Ülke genelinde gerçekleşen Kur’an yakma eylemleri, tam anlamıyla ifade özgürlüğü olmasına rağmen, Parlamento bu duyarsız bir şekilde temel hak ve özgürlükleri hiçe sayarak yaklaşıyor. Kamuya açık yerlerde Kur’an yakma eylemlerini cezalandırmak, adeta bir düşünce polisi oluşturmak anlamına geliyor ve bireylerin özgür düşünce ve ifade haklarını yok sayıyor.
Yasaya karşı çıkanlar, haklı olarak, bu tür kısıtlamaların liberal özgürlükleri zayıflatacağını ve demokratik değerleri tehlikeye atacağını savunuyor. Hükûmetin, yasanın ifade özgürlüğüne etki etmeyeceği iddiası ise gerçek dışı ve savunulamaz. Herhangi bir din veya inanç sistemi, eleştirilmeye ve sorgulanmaya açık olmalıdır. Ancak bu yasa, eleştiriyi bastırmayı amaçlayarak demokratik değerlere ihanet ediyor.

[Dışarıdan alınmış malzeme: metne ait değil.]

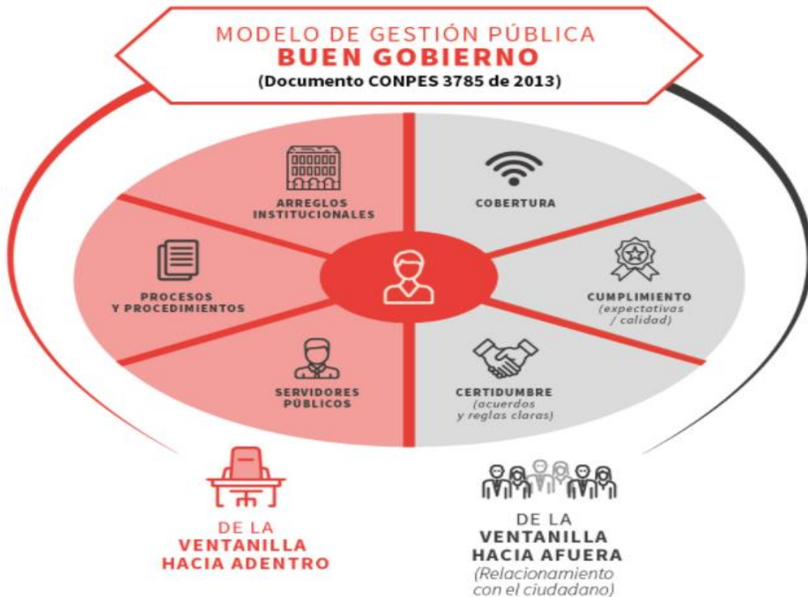
Ilustración 3. Modelo de Gestión Pública Buen Gobierno

Danimarka’da bu yıl gerçekleşen çok sayıdaki Kur’an yakma eylemi, ülkede derin bir ayrışmaya ve gerilime yol açtı. Ancak bu yeni yasa, sorunun kaynağına yönelik etkili bir çözüm sunmak yerine, ifade özgürlüğünü daha da kısıtlıyor ve toplumsal kutuplaşmayı arttırıyor. Bu kararı utanç verici buluyor, Danimarka’da ifade özgürlüğünü savunan gruplarla dayanışma içinde olduğumuzu belirtiyoruz. İnanıyoruz ki Danimarka Parlamentosunun bu kararı, demokrasiye darbe vuran bir adım olarak tarihe geçecek.